Space of random events

In 1946, American Statistics Scientific Statistics John Tyuki offered the name of the bit (bit, Binary Digit - "binary number" - "Haytech") is one of the main concepts of the 20th century. Tyuki chose a bit to designate one binary discharge capable of making a value of 0 or 1. Claude Shannon in its program article "Mathematical Communication Theory" suggested measuring the amount of information in bits. But this is not the only concept introduced and studied by Shannon in his article.

Imagine the space of random events, which consists of throwing one false coin, on both sides of which an eagle. When does the eagle fall? It is clear that always. We know this in advance, because our space is so arranged. Eagle falling - a reliable event, that is, its probability is equal to 1. Do we inform much information if we say about the evaporated eagle? Not. The amount of information in this message we will be considered equal to 0.

Now let's throw the right coin: on the one hand she has an eagle, and with another rush, as it should be. Eagle or rush loss will be two different events, of which our space of random events consists. If we inform about the outcome of one throwing, it will really be a new information. When you fall out of the eagle, we will notify 0, and with a grief 1. In order to report this information, we are enough 1 bit.

What changed? Uncertainty appeared in our event space. We have something to tell about the one who himself does not throw and the outcome of the throwing does not see. But in order to correctly understand our message, he must know exactly what we do, which means 0 and 1. Our event spaces must match, and the decoding process is to unambiguously restore the result of throwing. If the event space of the transmitting and receiving does not match or not the possibility of unambiguous decoding of the message, the information will remain only noise in the communication channel.

If independently and at the same time throw two coins, then different equilibrium results will already have four: eagle eagle, eagle-river, eagle rush and rushka. To convey information, we will need 2 bits, and our messages will be: 00, 01, 10 and 11. Information has become twice as much. It happened because the uncertainty grew up. If we try to guess the outcome of such a pair throw, we have two times more chances to make a mistake.

The greater the uncertainty of the space of events, the more information contains a message about its condition.

Slightly complicate our space of events. While all events that happened were equally concerned. But in real spaces, not all events have an equal chance.
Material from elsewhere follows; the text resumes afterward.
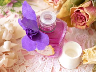 アなプラスチック製の白いフタにヴィオレットの花のコサージュが付いたガラス製のパルファンフラコン

Let's say, the likelihood that the crow that we saw will be black, close to 1. The likelihood that the first passersogue met on the street will turn out to be about 0.5. But a crocodile is almost incredible on Moscow Street. Intuitively understand that a meeting with a crocodile has a much greater informational value than about black ravene. The lower the likelihood of an event, the more information in the report of such an event.

Let the space of events are not so exotic. We just stand at the window and look at passing cars. Moved cars of four colors that we need to report. To do this, we encode colors: black - 00, white - 01, red - 10, blue - 11. To report exactly which car drove, it is enough to transfer 2 bits of information.

But after a long time watching cars, we notice that the color of cars is unevenly distributed: black - 50% (every second), white - 25% (every fourth), red and blue - 12.5% \u200b\u200b(every eight). Then you can optimize the transmitted information.

Most of all black cars, so we denote black - 0 - the shortest code, and the code of all the others be starts at 1. From the remaining half-white - 10, and the remaining colors start at 11. In conclusion, we denote the red - 110, and blue - 111.

Now, passing information about the color of cars, we can encode it denser.

Entropy on Shannonu

Let our space of events consist of n different events. When throwing coins with two eagles, such an event is exactly one, when throwing one correct coin - 2, when throwing two coins or observation of cars - 4. Each event corresponds to the likelihood of its occurrence. When throwing a coin with two eagles, an event (Eagle loss) is one and its probability P1 \u003d 1. When throwing the correct coin of events, two, they are equal and the likelihood of each - 0.5: p1 \u003d 0.5, p2 \u003d 0.5. When throwing two right coins of events, four, all of them are equal and the probability of each - 0.25: p1 \u003d 0.25, p2 \u003d 0.25, p3 \u003d 0.25, p4 \u003d 0.25. When observing cars of events, four, and they have different probabilities: black - 0.5, white - 0.25, red - 0.125, blue - 0.125: p1 \u003d 0.5, p2 \u003d 0.25, p3 \u003d 0,125, p4 \u003d 0.125.

This is not a random coincidence. Shannon so picked up entropy (measure of uncertainty in the space of events) so that three conditions were performed:

1Entropy of a reliable event, the probability of which 1 is equal to 0.

Entropy of two independent events is equal to the sum of entropy of these events.

Entropy is maximal if all events are equal.

All these requirements are fully consistent with our ideas about the uncertainty of the event space. If the event is one (first example) - no uncertainty. If the events are independent - the uncertainty of the amount is equal to the amount of uncertainties - they simply fold (an example with throwing two coins). And finally, if all events are equally even, the degree of uncertainty of the system is maximum. As in the case of throwing two coins, all four events are equally equal to the entropy equal to 2, it is greater than in the case of cars, when events are also four, but they have different probability - in this case entropy 1.75.

The value of H plays a central role in the theory of information as a measure of the amount of information, the possibility of selection and uncertainty.

Claude Shannon

Claude Elwood Shannon - American engineer, cryptoanalyst and mathematician. It is considered the "father of the information age." Founder of the theory of information that has been used in modern high-tech communication systems. Provided the fundamental concepts, ideas and their mathematical formulations, which currently form the basis for modern communication technologies.

In 1948, he proposed to use the word "bit" to indicate the smallest unit of information. He also demonstrated that entropy entered by them is equivalent to the extentness of the information uncertainty in the transmitted message. Articles of Shannon "Mathematical Communication Theory" and "Theory of Communications in Secret Systems" are considered fundamental to the theory of information and cryptography.

During World War II, Shannon in Bell Laboratories has been developing cryptographic systems, later it helped it to open coding methods with error correction.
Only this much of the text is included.